28 / 40
第28話 うなぎ屋「遠藤」 前編
しおりを挟む
期末テストが終わり、夏休みが始まった。今年の夏はとにかく暑い。クラスメイトの遠藤駿の家は、うなぎ屋を営んでいる。七月下旬の土用の丑の日は繁忙期のピークを迎える事から、この日の前十日間に短期のアルバイトを募集しているのだ。もちろん、まかない付きだ。遠藤駿は今年も海斗と松本蓮に声をかけていた。
今日から十日間のアルバイトが始まった。主な仕事内容はウナ重の配達と、空き時間は店内で配膳をする仕事だ。
遠藤駿は海斗達の前に立った。
「伏見、松本、今年も手伝ってくれて有り難う。しばらく宜しく頼むね」
「遠藤、任してくれよ! なあ海斗」
「おう、去年は慣れた頃に終わりだったから、今年は即戦力だぜ、遠藤!」
海斗と松本蓮は肩を組んだ。
海斗は遠慮気味に立っているアルバイトに気がついた。
「あれ、そこにいるのは田中だろ? 田中も遠藤の所でアルバイトしていたのか?」
「うん、遠藤君にお世話になっているんだ」
遠藤駿は田中拓海の背中を叩いた。
「田中はね、半年前から手伝って貰っているんだ。とっても真面目で常連さんにも受けが良いんだよ」
経営者みたいな態度に、松本蓮は遠藤を茶化した。
「よっ、遠藤社長!」
遠藤駿は親の前なので、苦笑いをして頭を掻いた。
早速、店の電話が鳴った。遠藤駿の母は電話を取り、伝票を厨房へ回した。遠藤駿は海斗達に注文内容を伝えた。
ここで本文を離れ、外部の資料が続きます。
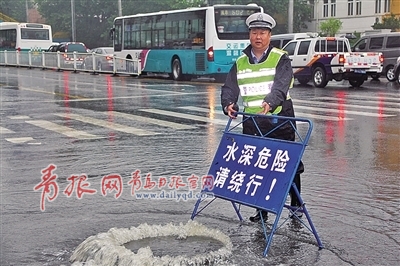 青島日報(bào)/青報(bào)網(wǎng)訊 7月23日清晨市區(qū)部分區(qū)域突降大雨,伴隨交通早高峰的到來,我市交警部門快速反應(yīng),在全市各易積水路段派警力看守,主要路口加強(qiáng)交通疏導(dǎo),未發(fā)生較大道路交通事故。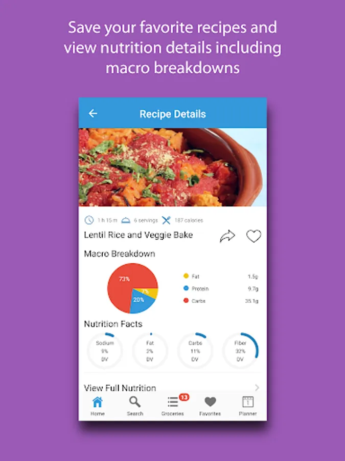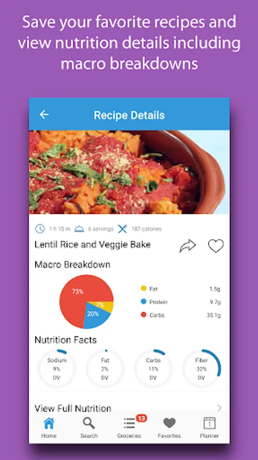 View nutrition facts, macro breakdowns, and cooking directions for any recipe.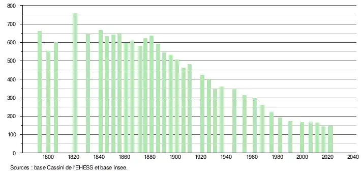 L'évolution du nombre d'habitants est connue à travers les recensements de la population effectués dans la commune depuis 1793. Pour les communes de moins de 10 000 habitants, une enquête de recensement portant sur toute la population est réalisée tous les cinq ans, les populations de référence des années intermédiaires étant quant à elles estimées par interpolation ou extrapolation[31]. Pour la commune, le premier recensement exhaustif entrant dans le cadre du nouveau dispositif a été réalisé en 2006[32].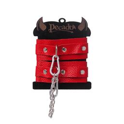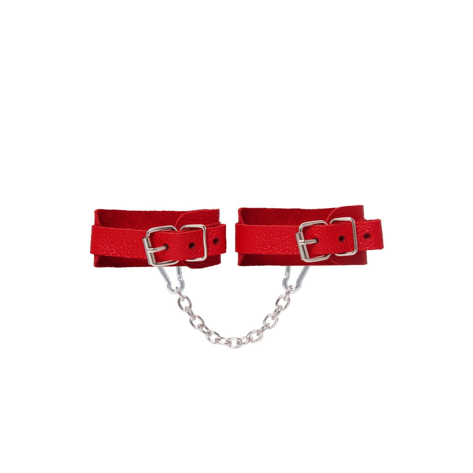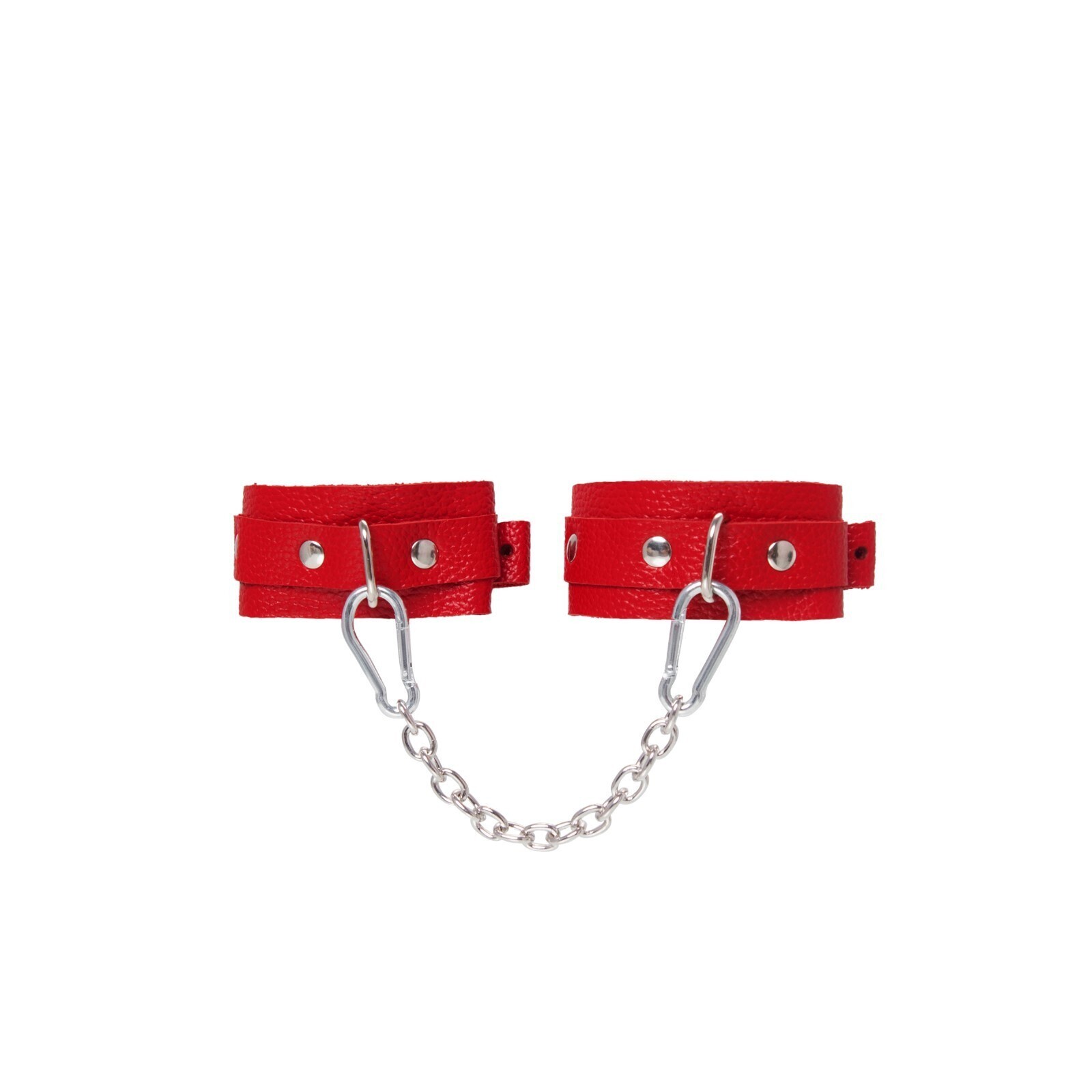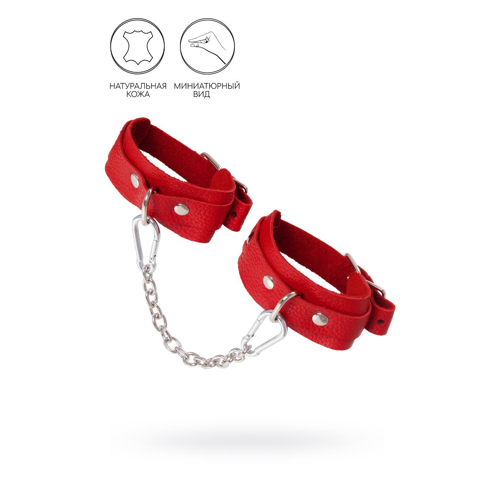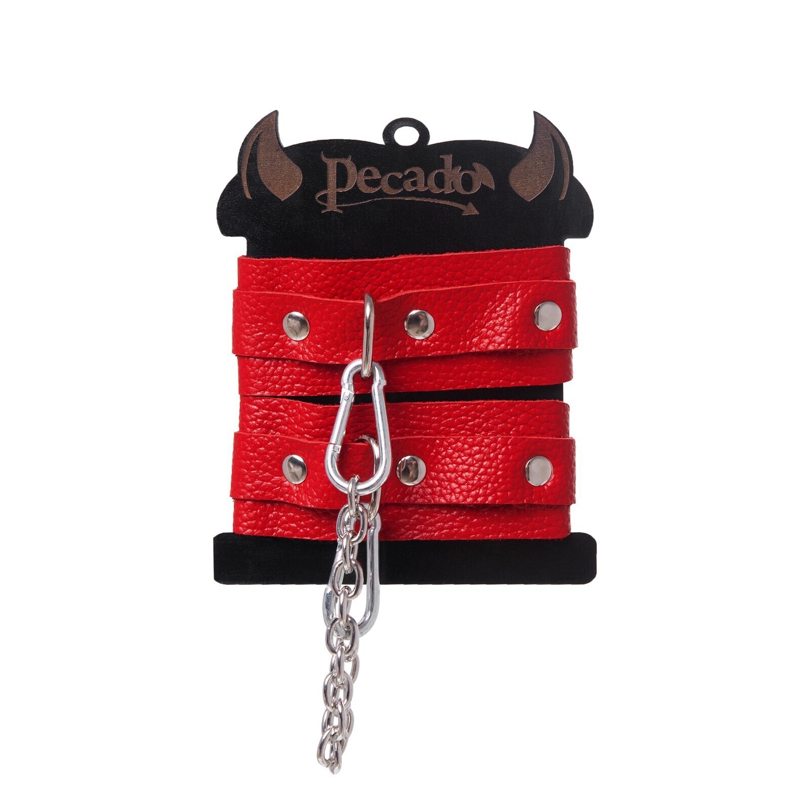 Оковы мини Pecado BDSM, со скруглёнными углами, натуральная кожа, красные

「注文が入ったから二人の出番だよ。注文先は関内にある羽衣商事。伏見達も知っている、京野の会社だよ」
海斗は遠藤駿に質問をした。
「で、京野の会社から幾つ注文が入ったの?」
「十人前だよ、流石、京野君だよ。ウチの大お得意先だからね。……だから学校でも頭が上がらなくてさ」
松本蓮は関心をした。
「偉いな、遠藤。ホントの経営者みたいだな」
再び、遠藤駿は照れた。うなぎが焼きあがると海斗と松本蓮は、うな重を自転車に乗せ羽衣商事に向かった。
ここはオフィスビルが立ち並ぶ関内駅の周辺に有る羽衣町。中でも目を引くガラス張りの大きな建物が羽衣商事の本社ビルだ。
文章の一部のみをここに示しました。